• **DESCRIPTION OF THE TASK**
For the data below, transcribe the part that opens with the line containing "2:進入串口服務(wù)器的" and closes with the line containing "This vibrant biryani", exactly and with no pictures.

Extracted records
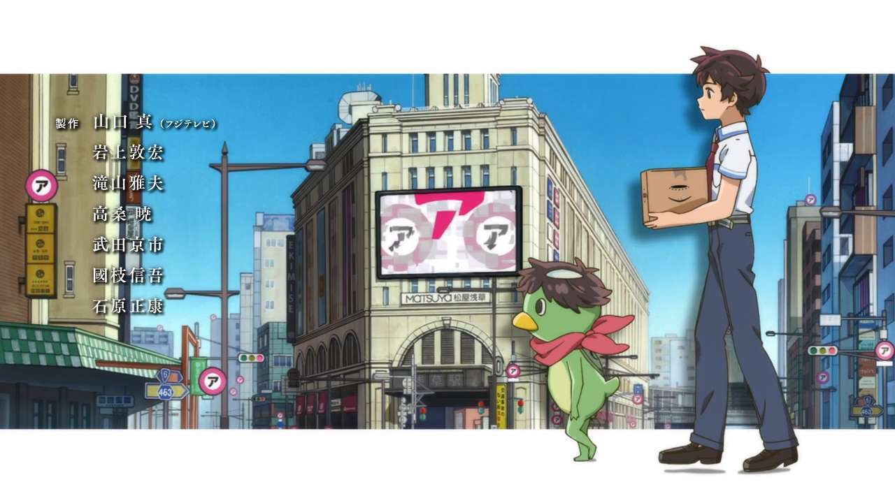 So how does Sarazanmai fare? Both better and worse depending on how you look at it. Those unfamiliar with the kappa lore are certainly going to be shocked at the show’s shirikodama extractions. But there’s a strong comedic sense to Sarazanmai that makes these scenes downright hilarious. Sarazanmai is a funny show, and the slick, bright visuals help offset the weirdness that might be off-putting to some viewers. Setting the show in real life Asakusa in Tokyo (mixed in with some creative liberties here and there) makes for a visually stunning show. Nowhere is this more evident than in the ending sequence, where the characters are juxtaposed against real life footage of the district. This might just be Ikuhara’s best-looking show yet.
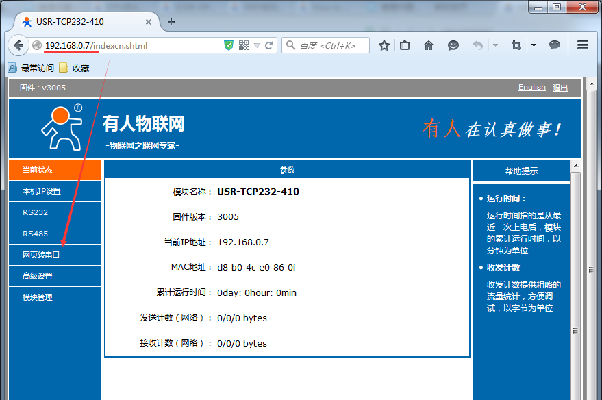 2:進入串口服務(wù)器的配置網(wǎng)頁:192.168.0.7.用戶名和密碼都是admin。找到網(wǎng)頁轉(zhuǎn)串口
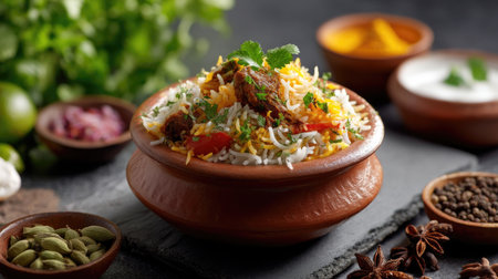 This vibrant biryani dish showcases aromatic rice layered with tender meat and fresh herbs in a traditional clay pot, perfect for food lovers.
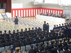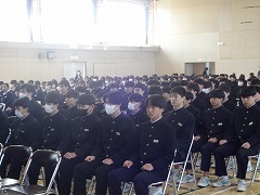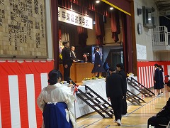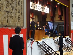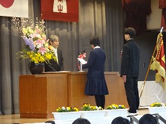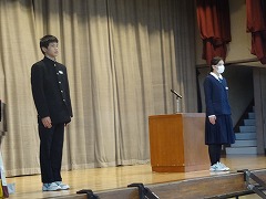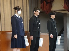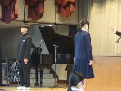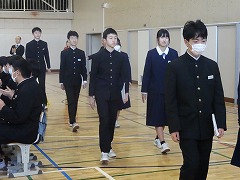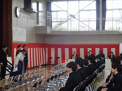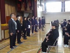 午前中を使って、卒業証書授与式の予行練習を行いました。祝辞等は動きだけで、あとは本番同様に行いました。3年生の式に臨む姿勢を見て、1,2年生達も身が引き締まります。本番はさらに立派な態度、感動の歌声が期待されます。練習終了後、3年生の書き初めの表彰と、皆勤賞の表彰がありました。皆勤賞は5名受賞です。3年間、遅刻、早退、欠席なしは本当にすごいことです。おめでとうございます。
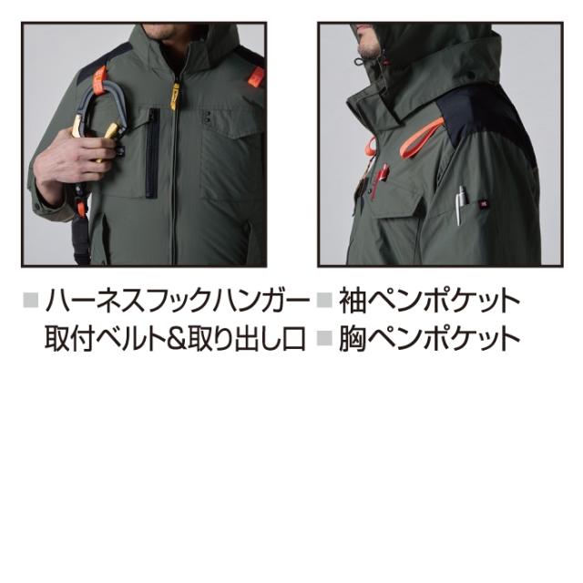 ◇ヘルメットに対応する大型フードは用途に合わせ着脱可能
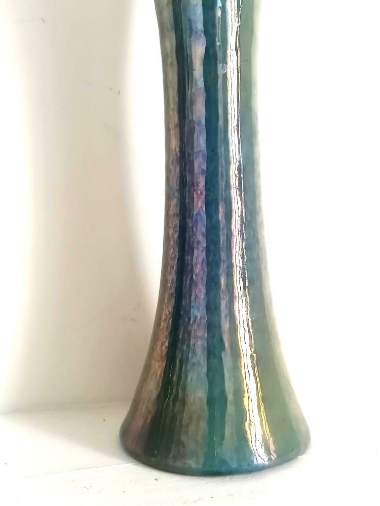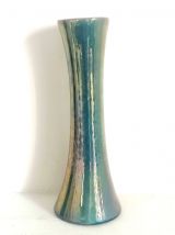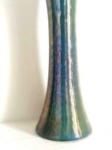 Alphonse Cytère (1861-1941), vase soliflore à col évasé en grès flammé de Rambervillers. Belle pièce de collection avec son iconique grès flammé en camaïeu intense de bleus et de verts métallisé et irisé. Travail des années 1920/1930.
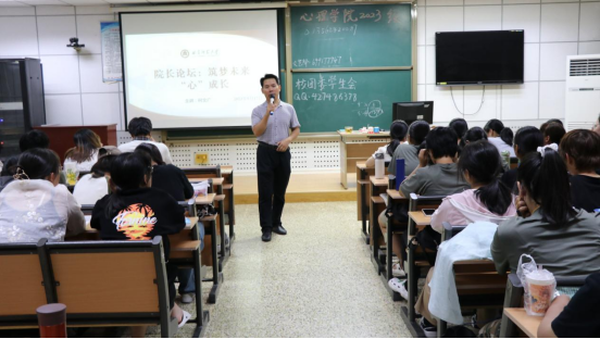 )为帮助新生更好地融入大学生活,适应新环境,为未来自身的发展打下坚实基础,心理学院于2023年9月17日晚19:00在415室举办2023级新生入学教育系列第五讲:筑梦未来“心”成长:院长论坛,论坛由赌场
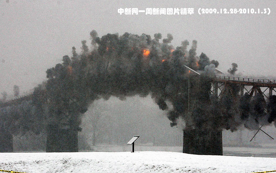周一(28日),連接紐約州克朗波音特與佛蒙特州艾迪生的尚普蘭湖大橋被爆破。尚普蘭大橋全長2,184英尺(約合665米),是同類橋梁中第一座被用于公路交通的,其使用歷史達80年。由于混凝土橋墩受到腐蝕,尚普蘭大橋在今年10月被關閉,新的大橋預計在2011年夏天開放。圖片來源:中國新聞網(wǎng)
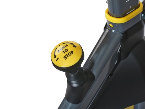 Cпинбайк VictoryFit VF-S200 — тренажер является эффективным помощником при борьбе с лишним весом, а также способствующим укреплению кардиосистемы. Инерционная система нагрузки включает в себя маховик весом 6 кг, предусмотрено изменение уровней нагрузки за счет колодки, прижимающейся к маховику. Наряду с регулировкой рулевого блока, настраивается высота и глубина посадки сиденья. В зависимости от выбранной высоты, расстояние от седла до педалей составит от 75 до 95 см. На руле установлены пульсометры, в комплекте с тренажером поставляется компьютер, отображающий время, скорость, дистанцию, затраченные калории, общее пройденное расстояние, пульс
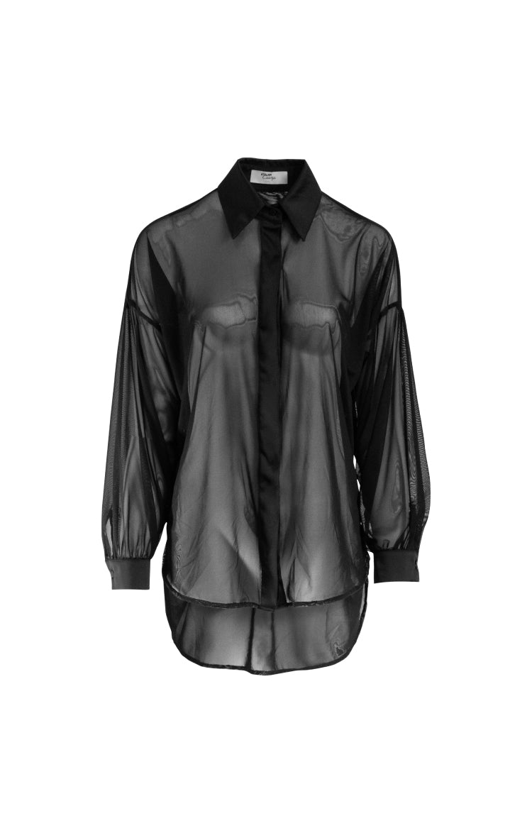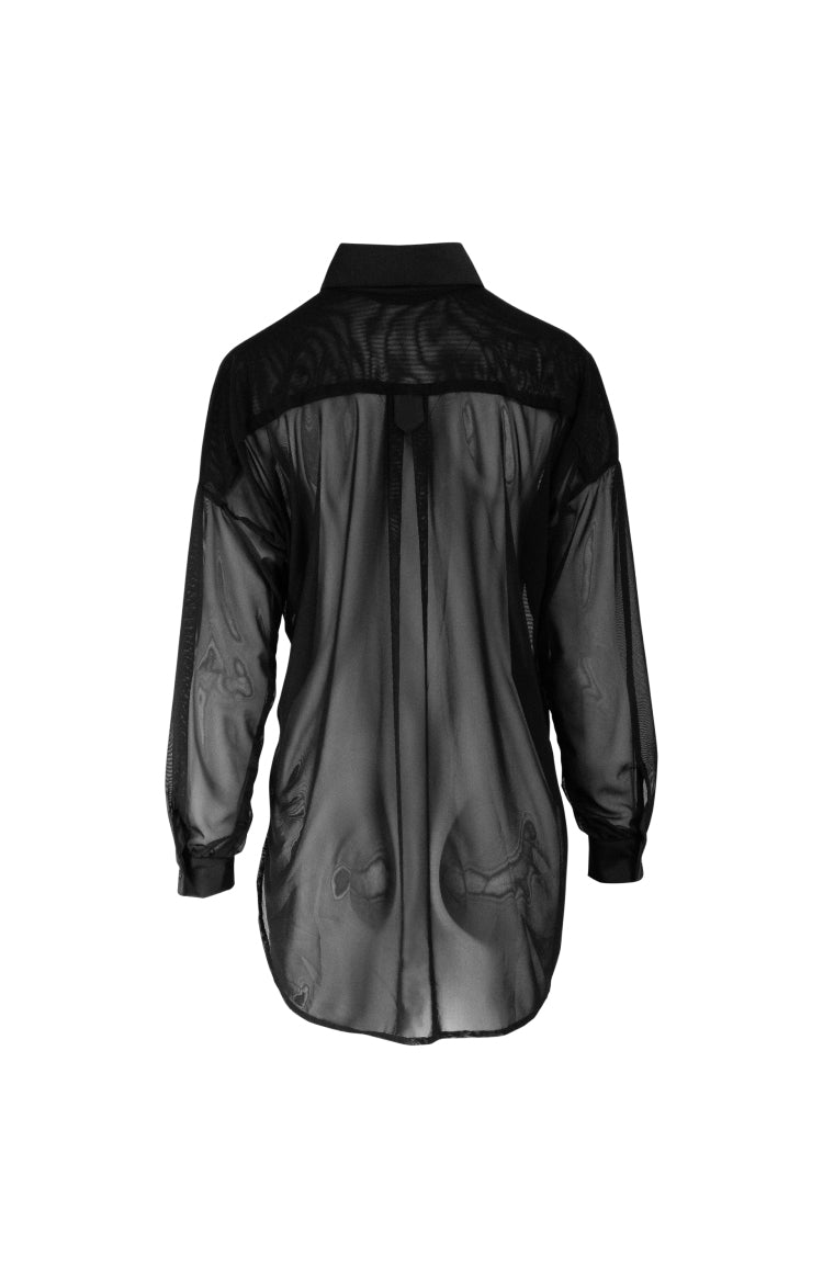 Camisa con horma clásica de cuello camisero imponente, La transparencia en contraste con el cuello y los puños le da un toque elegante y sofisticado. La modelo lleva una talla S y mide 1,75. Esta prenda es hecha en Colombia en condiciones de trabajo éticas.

• **EXERCISE ANSWER**
 2:進入串口服務(wù)器的配置網(wǎng)頁:192.168.0.7.用戶名和密碼都是admin。找到網(wǎng)頁轉(zhuǎn)串口
 This vibrant biryani dish showcases aromatic rice layered with tender meat and fresh herbs in a traditional clay pot, perfect for food lovers.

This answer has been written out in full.